To get a list of user IDs with more than one purchase, you can do the following, which will have access to only one table:
user_ids = PurchasedDeal.count(:group => :user_id, :having => 'count_all > 0').keys
Subsequently, you can get all of these users:
users = User.find user_ids
Things can be sped up with a cache counter. In your user model, add the option :counter_cache => true to the has_many association for acquired transactions. You will need an additional integer column in your users table and initialize, which may look like this during migration:
add_column :users, :purchased_deals_count, :integer, :null => false, :default => 0 User.each { |u| User.reset_counters u, :purchased_deals }
Once this is set aside, it will become much easier:
users = User.all :conditions => 'purchased_deals_count > 0'
Rails will save a column for you with most of the standard operations.

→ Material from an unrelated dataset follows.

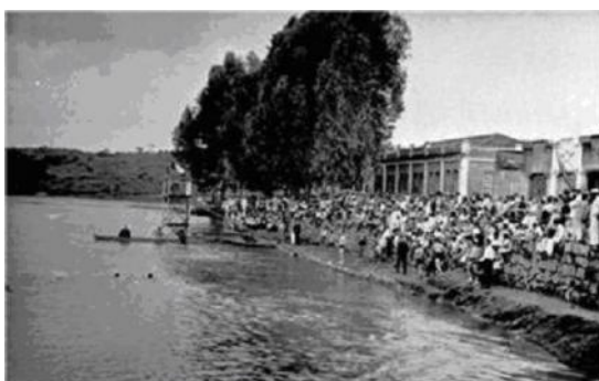
Figura 1: Competição de Natação em 1950 no Rio Jundiá (Museu da Cidade de Salto)

A partir da análise da história da cidade, da legislação vigente e das obras realizadas nesses oito anos foi possível discernir critérios e dividir o trabalho em três etapas relevantes, cada uma delas com um objeto de estudo específico e representativo, vinculado-as ao sistema de espaços livres públicos de algum setor da cidade.

To get the total price, the connection will always be included. Or you can build a hash of transaction prices and perform tedious processing in Ruby. I'm not an SQL expert, but you can get rid of the join by saving the price with BuyasedDeal. Otherwise, here's how to do it with the connection:
user_id_to_price = PurchasedDeal.sum 'deal.price', :include => :deal, :group => :user_id
You can filter this out only for users by adding something like :conditions => ['user_id IN (?)', users] . (Where users can be a list of identifiers as well as User objects.)